Decoding unit, the characteristic vector sequence that Audio Processing Unit processing obtains and the weighting FST Q of storage unit all deliver to decoding unit, decoding unit is used weighting FST Q to use Viterbi algorithm to carry out decode operation to the corresponding characteristic vector sequence of user speech, consider after pause sound sil wherein, obtain characteristic vector sequence to the α that aligns of the corresponding aligned phoneme sequence that comprises pause sound of the text with producing weighting FST Q, the aligned phoneme sequence that this decoding obtains is: { sil, p 1, sil, p 2, sil, p 3, sil ..., p (M-1), sil, p m, sil}, the count vector of this alignment α
β={ns 0,n 1,ns 1,n 2,ns 2,n 3,ns 3,...,n (M-1),ns (M-1),n M,ns M};
Wherein, sil represents the sound that pauses, n iexpression is corresponding to the quantity of the frame of i phoneme, ns iexpression is corresponding to the quantity of the frame of i+1 pause sound, M is the quantity of the phoneme that comprises in this sample text, the above-mentioned decode procedure based on weighting FST Q and Viterbi algorithm, when providing and aliging, has also provided the corresponding HMM state of each proper vector;
Pronunciation quality evaluating unit, calculates the goodness of fit between each phoneme and its characteristic of correspondence vector or proper vector group to evaluate the phoneme massfraction of the voice quality of user on each phoneme.

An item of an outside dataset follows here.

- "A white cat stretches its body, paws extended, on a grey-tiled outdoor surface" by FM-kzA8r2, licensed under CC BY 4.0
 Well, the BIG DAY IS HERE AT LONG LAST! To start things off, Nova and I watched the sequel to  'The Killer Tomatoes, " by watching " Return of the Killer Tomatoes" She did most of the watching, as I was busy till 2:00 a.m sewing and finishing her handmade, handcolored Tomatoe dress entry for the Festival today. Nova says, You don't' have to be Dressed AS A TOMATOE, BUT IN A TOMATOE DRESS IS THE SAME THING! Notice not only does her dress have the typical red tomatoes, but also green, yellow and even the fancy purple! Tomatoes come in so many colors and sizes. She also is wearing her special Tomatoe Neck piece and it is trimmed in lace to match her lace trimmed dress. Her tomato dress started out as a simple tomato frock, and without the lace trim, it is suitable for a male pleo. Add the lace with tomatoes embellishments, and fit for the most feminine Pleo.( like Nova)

Its course of work please see above about the description of the spoken evaluation method of low-power consumption of the phoneme level without standard pronunciation.

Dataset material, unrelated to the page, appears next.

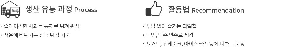 활용팁 ・아이스크림에 애플칩을 토핑처럼 올려 즐겨보세요. 한층 향긋하고 달콤한 풍미를 즐길 수 있답니다.

With reference to Fig. 6, the corresponding weighting FST of its Chinese version 1 Q 1, the corresponding weighting FST of text 2 Q 2... thereby each text has its corresponding Q.Weighting FST H wherein, C, L obtain through training in advance, and because process minimizes and deterministic operation, the Q generating for each given text is less, can more easily download or be stored to terminal.For Fig. 6, it should be noted that, for different texts, the weighting FST H of its use, C, L are that precondition is good, and are all identical, in figure, just symbolically show two terminals, in fact terminal quantity is not limit.
The present invention has following beneficial effect:
(1) without standard pronunciation, can be widely used in and there is no the evaluation of standard pronunciation and defect diagonsis scene, for example, the evaluation to the dialogue under language learner's natural scene or statement, and the diagnosis of the language proficiency in natural situation to language disorder.

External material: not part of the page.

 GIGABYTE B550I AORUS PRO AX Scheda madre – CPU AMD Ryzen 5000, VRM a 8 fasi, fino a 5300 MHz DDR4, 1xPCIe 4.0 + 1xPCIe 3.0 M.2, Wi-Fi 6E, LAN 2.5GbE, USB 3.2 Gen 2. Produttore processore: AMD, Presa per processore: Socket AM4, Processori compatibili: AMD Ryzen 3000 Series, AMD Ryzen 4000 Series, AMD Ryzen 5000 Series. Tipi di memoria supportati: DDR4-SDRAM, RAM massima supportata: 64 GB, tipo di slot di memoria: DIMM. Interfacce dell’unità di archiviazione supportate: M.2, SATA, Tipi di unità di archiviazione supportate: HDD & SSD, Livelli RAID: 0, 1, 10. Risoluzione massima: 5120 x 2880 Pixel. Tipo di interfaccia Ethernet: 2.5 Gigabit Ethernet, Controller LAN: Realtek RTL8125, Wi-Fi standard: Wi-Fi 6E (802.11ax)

(2) heavy computing is all carried out at server end: comprise and produce weighting FST H, C, L, and produce the weighting FST Q that phoneme of speech sound alignment relies on, with reference to Fig. 6, can understand this advantage of the present invention.
(3) only about the computing of user speech, be placed in user terminal execution, effectively reduced load and the power consumption in terminal, reduced the hardware requirement to terminal.
(4) user, when terminal is used, does not need networking completely, has avoided network flow consumption.
(5) when having new example to increase, first process beyond the clouds, produce the weighting FST Q corresponding with new text, then be downloaded to terminal.Due to weighting FST, Q is less, and download is little, can be quick-downloading to terminal.Even if user uses network more during new data example, also can complete very fast.Owing to having used the minimization technique of weighting FST, minimized download.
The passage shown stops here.